Borisov was born in the village of Gluboky Ruchey in the north of Russia, now located in the Krasnoborsky District of the Arkhangelsk Oblast. He was one of four children in the peasant family of Aleksey Yegorovich Borisov and Matryona Nazarovna Borisova. He spent his adolescence in the Solovetsky Monastery in the White Sea where he studied icon painting. In 1886, he obtained a fellowship to continue his studies at the art school in Saint Petersburg. In 1888 he enrolled as a student into the Imperial Academy of Arts.
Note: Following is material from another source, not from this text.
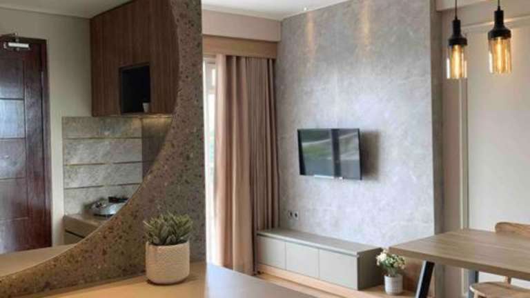 Apartemen Gateway Pasteur Bandung 2 BR Daymentroom R32 bietet eine heimelige Ferienwohnung mit einem Balkon und einer Terrasse, die eine beeindruckende Aussicht auf die Berge und die Stadt gewährleistet. Die Unterkunft verfügt über einen Aussenpool, einen Garten und eine Bar, was den Aufenthalt bereichert.

Borisov studied there under landscape painters Ivan Shishkin and Arkhip Kuindzhi and graduated in 1892. In the academy, he decided to devote his career to painting Arctic landscapes. For the Russian Arctic, Borisov was the pioneer of the genre.

In 1894, he accompanied the finance minister, Sergei Witte, to the Kola Peninsula. In 1896, Borisov travelled to the coasts of the White Sea and the Barents Sea, and then joined a scientific expedition to visit Novaya Zemlya. It was during this expedition that he became familiar with the local Nenets people, who taught him survival skills and using Nenets Herding Laika as sled dogs. In 1887, he held an exhibition of his works painted during these travels. The exhibition was acclaimed by the art critics and fellow artists, including Ilya Repin, and several works of Borisov were bought by Sergei Tretyakov for his art collection which later became the Tretyakov Gallery.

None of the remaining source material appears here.